Whether it’s chewing furniture or spreading muddy paws across the floor, stressed-out dog owners can often be quick to shout at their learning puppies when they do something wrong. But a new study has found that owners who adopt “punishment-based” training with their dogs may actually be making their animal depressed.
According to the research by the University of Porto in Portugal, shouting and scolding methods of behaviour management can result in negative consequences in the future.

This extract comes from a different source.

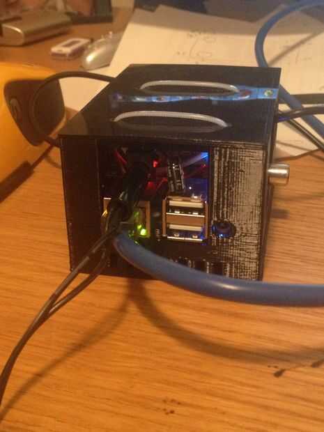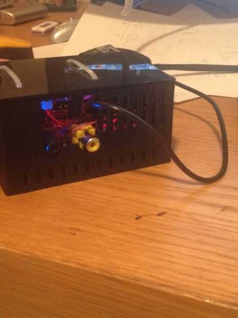 Una vez que el caso se imprime, inserte el Pi de plátano en el caso. Conecte el circuito de alimentación a la parte superior de la caja. Lo hice cuatro agujeros y usando zip lazos para mantener en su lugar. Asegúrese de colocar el circuito para que el enchufe de entrada se encuentra justo encima de la Ethernet y USB se conecta para que se lo puede introducir fácilmente (ver imagen). El cable que va desde el enchufe de la salida en el circuito de alimentación al conector de usb en la Pi se puede encaminar hacia el lado de arriba la salida de vídeo compuesto (ver imagen). Por último conectar los pines GPIO0 y GPIO1 (pines 11 y 12) a los pines de jumper en el circuito de potencia. Asegúrese de que GPIO0 conecta a PB1 sobre el ATtiny y GPIO1 conecta con PB2. Con todo atado con alambre para arriba, poner la parte superior en el caso y enchufe en cualquier lugar que desee sin preocuparse de tener que reiniciarlo.

Scientist Ana Catarina, who led the study, recruited 42 dogs from reward-based training schools, which use food or play to encourage good behaviours. She also enlisted pups from punishment-based programs, which use negative techniques including shouting.
The researchers filmed the two groups of dogs during training and tested their saliva before and after to look for the stress hormone, cortisol. Sadly, those dogs who were in the negative reinforcement group showed more signs of stress, lip-licking and yawning.
Those in the reward-based training groups showed almost no changes in their cortisol levels, both in the group and once they returned home.
To find out whether the stressful effects lingered, researchers measured how the dogs responded to food rewards. Their findings discovered:
- The dogs from the reward-based training ran excitedly to the food bowl
- Those from punishment-based programs moved much more slowly to the bowl, unsure of whether to take the food or not
“[Reward-based training] may take time, but so what? At least the dog isn’t living in fear or constant stress,” the researchers told Science Mag.
Marc Bekoff, an evolutionary biologist at the University of Colorado also commented on the study explaining: “[Punishment] training may seem to work in the short run, but these methods can have future negative consequences. These dogs are living in perpetual stress.”